Kristen Bell shares her thoughts on telling kids “It’s OK!” and why she believes we shouldn’t dismiss their feelings so easily.
Kristin Bell and her husband, Dax Shepard, are raising two young daughters, 4-year-old Lincoln and 2-year-old Delta.
In an interview with Today to promote Neutrogena, the actress noted that she’s always hungry for advice about raising kids and new perspectives from other parents to help inform her own decisions.
“I am a parent that actually loves to hear advice from other mothers,” she said. “I don’t care if your filter is judgmental or altruistic — I still want to hear it because it may be valuable to me.”
Kristen shares an example of her parenting style, “I stopped saying, ‘It’s OK,’ to anything in their lives,” she explained.

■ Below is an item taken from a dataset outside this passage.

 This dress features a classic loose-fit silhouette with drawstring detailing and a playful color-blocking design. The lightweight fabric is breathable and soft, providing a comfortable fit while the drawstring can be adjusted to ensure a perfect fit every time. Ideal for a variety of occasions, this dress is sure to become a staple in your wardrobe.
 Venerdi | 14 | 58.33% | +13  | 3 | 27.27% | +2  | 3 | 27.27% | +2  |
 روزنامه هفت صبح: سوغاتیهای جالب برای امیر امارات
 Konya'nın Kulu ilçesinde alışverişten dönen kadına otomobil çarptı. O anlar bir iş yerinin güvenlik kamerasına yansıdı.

“My older daughter gets embarrassed a lot, and I don’t say, ‘It’s OK. It’s OK.’ I simply sit next to her and I say, ‘Do you feel embarrassed?’ And she’ll say, ‘Yes.’ And I say, ‘I feel embarrassed, too, sometimes.

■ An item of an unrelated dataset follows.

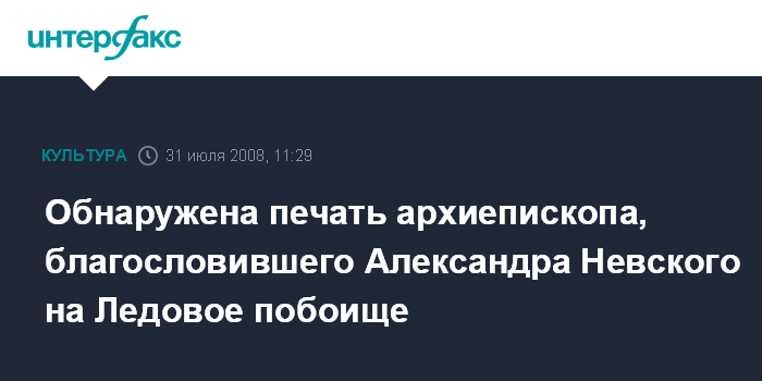 Обнаружена печать архиепископа, благословившего Александра Hевского на Ледовое побоище
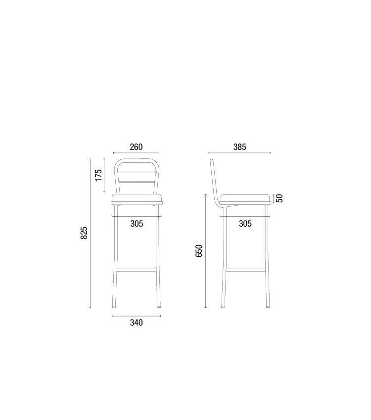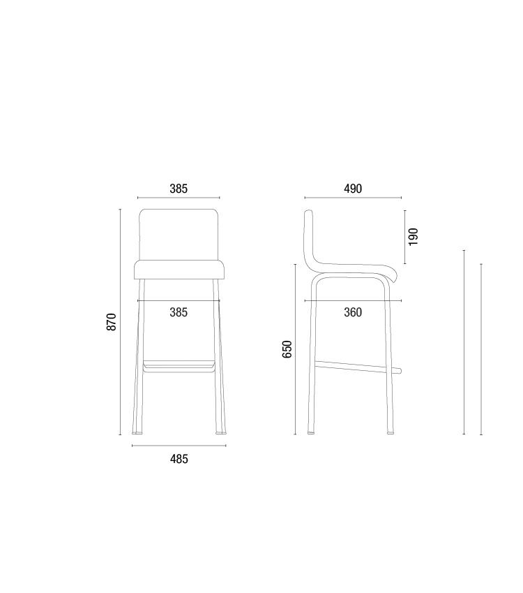 650mm / Assento em madeira envernizada e estrutura Telha 84

“Sometimes I trip and I feel embarrassed or I break a bowl and I feel embarrassed. I used to feel embarrassed a lot more as a kid, but as you become an adult, some of that stuff goes away.’”
“I think saying, ‘It’s OK,’ all the time doesn’t do anyone any favors. It just makes them subconsciously think that they’re not supposed to be having those feelings,” she noted.
“We tell them to have any feelings — even if it’s a tantrum and they’re screaming and crying,” the actress added. “I say, ‘You know what? You are allowed to be sad right now. You are allowed to be angry — that’s OK. But, you cannot be angry and sad in the middle of the living room while we’re having dinner. You’re welcome to go up to your bedroom and cry, but you’re not allowed to ruin everybody else’s evening because you’re having a tantrum.’”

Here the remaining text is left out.